→ **Exercise prompt**
Your reply should consist of the entries, copied exactly and stripped of images.

→ **Provided records**
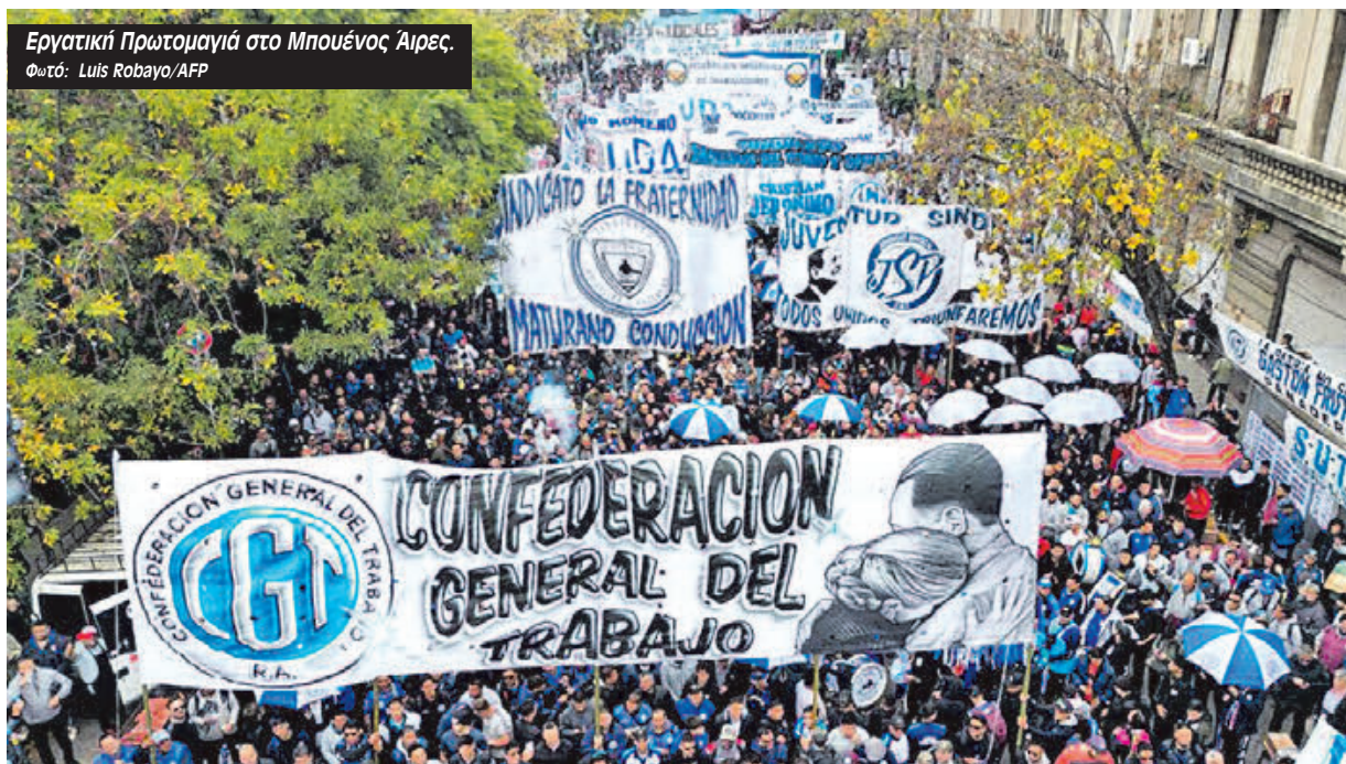
Εργατική Πρωτομαγιά στο Μπουένος Άιρες.

Στις 24 Γενάρη, τα συνδικάτα κάλεσαν την πρώτη γενική απεργία 12 ωρών. Από τότε δεν έχει σταματήσει να απλώνεται και η συζήτηση και η οργάνωση μέσα σε όλους τους χώρους για το ποια θα είναι η συνέχεια. Η αντίσταση έχει σαν αποτέλεσμα να μην έχει καταφέρει να σταθεροποιηθεί η κυβέρνηση Μιλέι. Ο Μιλέι ήρθε σαν σωτήρας της άρχουσας τάξης να κόψει με πριόνι όλες τις κατακτήσεις των εργατών και των εργατριών.
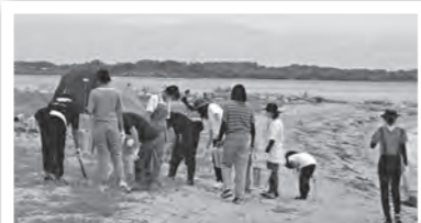
ガールスカウト滋賀県第18団
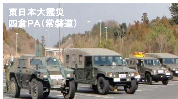
災害派遣部隊の進出拠点として活用
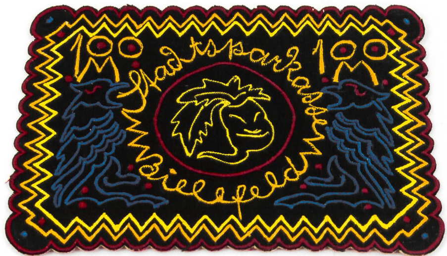
Fig. 1: Bielefeld, Ville, billet de nécessité 1921, soie 7 (14.5 x 10.05 cm, MMC 48426).
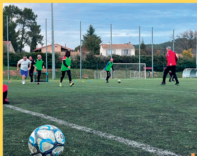
Le « Foot en marchant », une activité proposée chaque semaine aux membres du Pôle Séniors

Toutes nos félicitations à l'Entente Bouliste Arcoise qui a gagné le championnat du Var promotion en triplé et concourra pour le championnat de France en juillet !
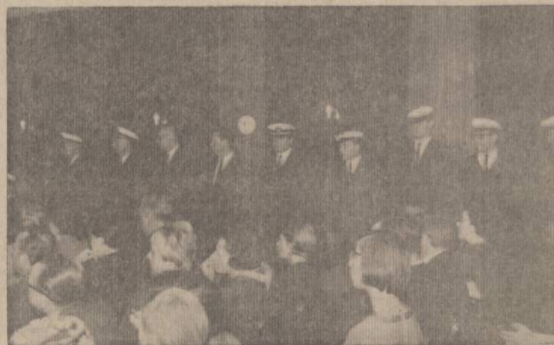
Baltijos Jūros tundo budžiai ir korp. Gintaras nariai LJS jubiliejinę dieną švenčiant.
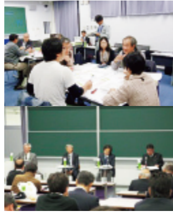
防災・減災活動を担う人材育成の様子

三重大学地域圏防災・減災研究センターは、三重県および県内市町などの行政や企業、地域の方々と連携して、三重県の防災・減災に関する人材育成や活動支援、研究の実践と成果の社会実装、災害医療支援などを実施しています。同時に三重県と共同で「三重県・三重大学 みえ防災・減災センター」を運営し、また東海圏の5つの国立大学の防災関連センターとともに「東海圏減災研究コンソーシアム」を運営するなど、南海トラフ巨大地震に備えた広域の連携体制を構築しています。
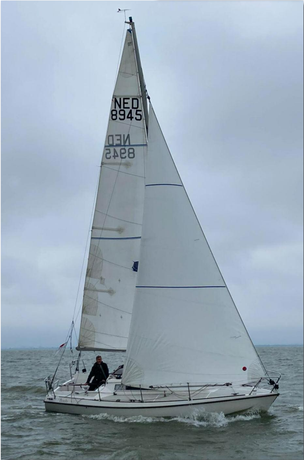
Dick de Kruijk met zijn Orion, een Bonita 767
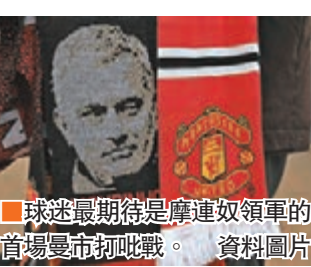
球迷最期待是摩連奴領軍的首場曼市打吡戰。

英超聯昨公佈了2016/17球季賽程, 首輪即演阿仙奴主場鬥利物浦的大戰, 利物浦第3及4輪還要連續作客熱刺及主場對衛冕的李斯特城, 英國時間9月10日的第4輪更將爆發摩連奴執教曼聯及哥迪奧拿接手曼城後於奧脫福上演的首場曼市打吡。
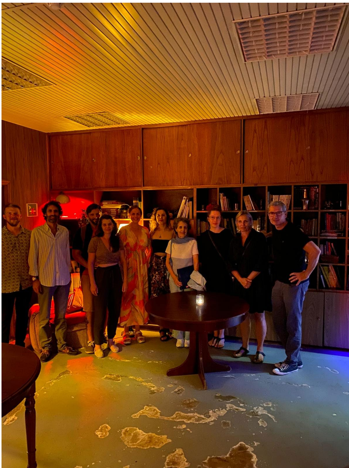
Společná fotografie se zpěvačkou Markétou Zdeňkovou
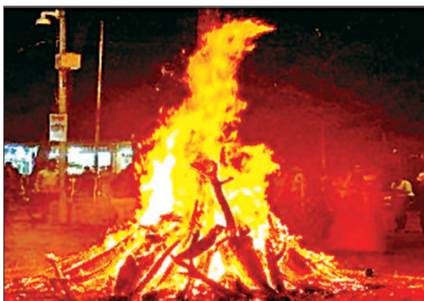
एक मोहल्ले में होलिका दहन करते लोग।

अमृत विचार। रविवार को हस्त नक्षत्र व सर्वाथ सिद्धि योग में होलिका दहन के साथ ही जिले में होली के त्योहार की धूम शुरू हो गई। भद्रा के चलते इस बार 1 घंटे 13 मिनट का होलिका दहन का मुहूर्त था लेकर कई स्थानों पर मुहूर्त के बाद भी होलिका दहन किया गया। होली जलने के बाद से ही अबीर गुलाल उड़ाना शुरू हो गया था। जिले भर में परंपरागत ढंग से जगह-जगह होलिका दहन किया गया वहीं शहर में सैकड़ों स्थानों पर छोटी बड़ी होलिका जलाई गई। होलिका दहन के बाद लोगों ने एक दूसरे को गुलाल लगाकर होली की शुभकामनाएं भी दी।
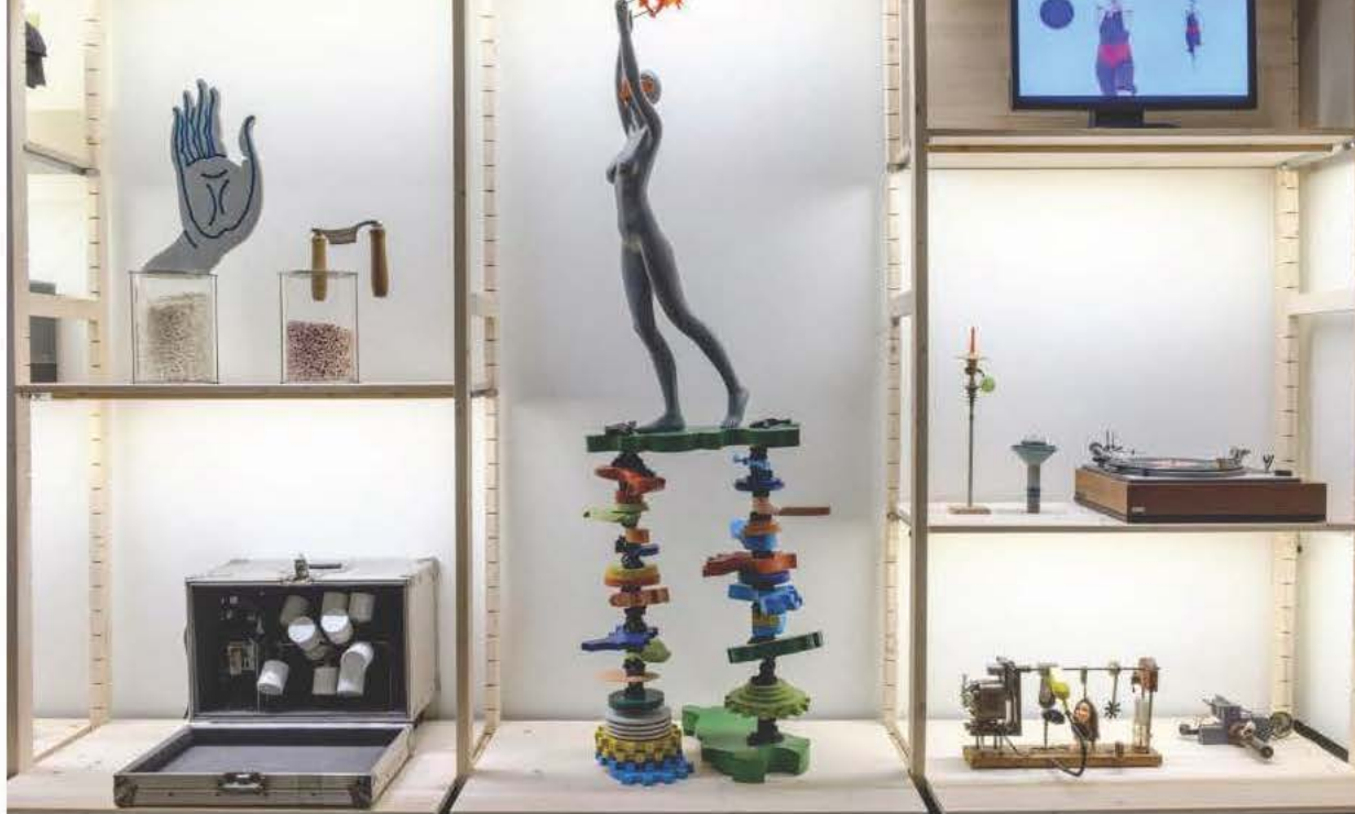
מראה הצבה של התערוכה "The Institute of Ongoing Things", במוזיאון ההיסטוריה היהודית באמסטרדם

→ **Finished task**
Εργατική Πρωτομαγιά στο Μπουένος Άιρες.

Στις 24 Γενάρη, τα συνδικάτα κάλεσαν την πρώτη γενική απεργία 12 ωρών. Από τότε δεν έχει σταματήσει να απλώνεται και η συζήτηση και η οργάνωση μέσα σε όλους τους χώρους για το ποια θα είναι η συνέχεια. Η αντίσταση έχει σαν αποτέλεσμα να μην έχει καταφέρει να σταθεροποιηθεί η κυβέρνηση Μιλέι. Ο Μιλέι ήρθε σαν σωτήρας της άρχουσας τάξης να κόψει με πριόνι όλες τις κατακτήσεις των εργατών και των εργατριών.
ガールスカウト滋賀県第18団
災害派遣部隊の進出拠点として活用
Fig. 1: Bielefeld, Ville, billet de nécessité 1921, soie 7 (14.5 x 10.05 cm, MMC 48426).
Le « Foot en marchant », une activité proposée chaque semaine aux membres du Pôle Séniors

Toutes nos félicitations à l'Entente Bouliste Arcoise qui a gagné le championnat du Var promotion en triplé et concourra pour le championnat de France en juillet !
Baltijos Jūros tundo budžiai ir korp. Gintaras nariai LJS jubiliejinę dieną švenčiant.
防災・減災活動を担う人材育成の様子

三重大学地域圏防災・減災研究センターは、三重県および県内市町などの行政や企業、地域の方々と連携して、三重県の防災・減災に関する人材育成や活動支援、研究の実践と成果の社会実装、災害医療支援などを実施しています。同時に三重県と共同で「三重県・三重大学 みえ防災・減災センター」を運営し、また東海圏の5つの国立大学の防災関連センターとともに「東海圏減災研究コンソーシアム」を運営するなど、南海トラフ巨大地震に備えた広域の連携体制を構築しています。
Dick de Kruijk met zijn Orion, een Bonita 767
球迷最期待是摩連奴領軍的首場曼市打吡戰。

英超聯昨公佈了2016/17球季賽程, 首輪即演阿仙奴主場鬥利物浦的大戰, 利物浦第3及4輪還要連續作客熱刺及主場對衛冕的李斯特城, 英國時間9月10日的第4輪更將爆發摩連奴執教曼聯及哥迪奧拿接手曼城後於奧脫福上演的首場曼市打吡。
Společná fotografie se zpěvačkou Markétou Zdeňkovou
एक मोहल्ले में होलिका दहन करते लोग।

अमृत विचार। रविवार को हस्त नक्षत्र व सर्वाथ सिद्धि योग में होलिका दहन के साथ ही जिले में होली के त्योहार की धूम शुरू हो गई। भद्रा के चलते इस बार 1 घंटे 13 मिनट का होलिका दहन का मुहूर्त था लेकर कई स्थानों पर मुहूर्त के बाद भी होलिका दहन किया गया। होली जलने के बाद से ही अबीर गुलाल उड़ाना शुरू हो गया था। जिले भर में परंपरागत ढंग से जगह-जगह होलिका दहन किया गया वहीं शहर में सैकड़ों स्थानों पर छोटी बड़ी होलिका जलाई गई। होलिका दहन के बाद लोगों ने एक दूसरे को गुलाल लगाकर होली की शुभकामनाएं भी दी।
מראה הצבה של התערוכה "The Institute of Ongoing Things", במוזיאון ההיסטוריה היהודית באמסטרדם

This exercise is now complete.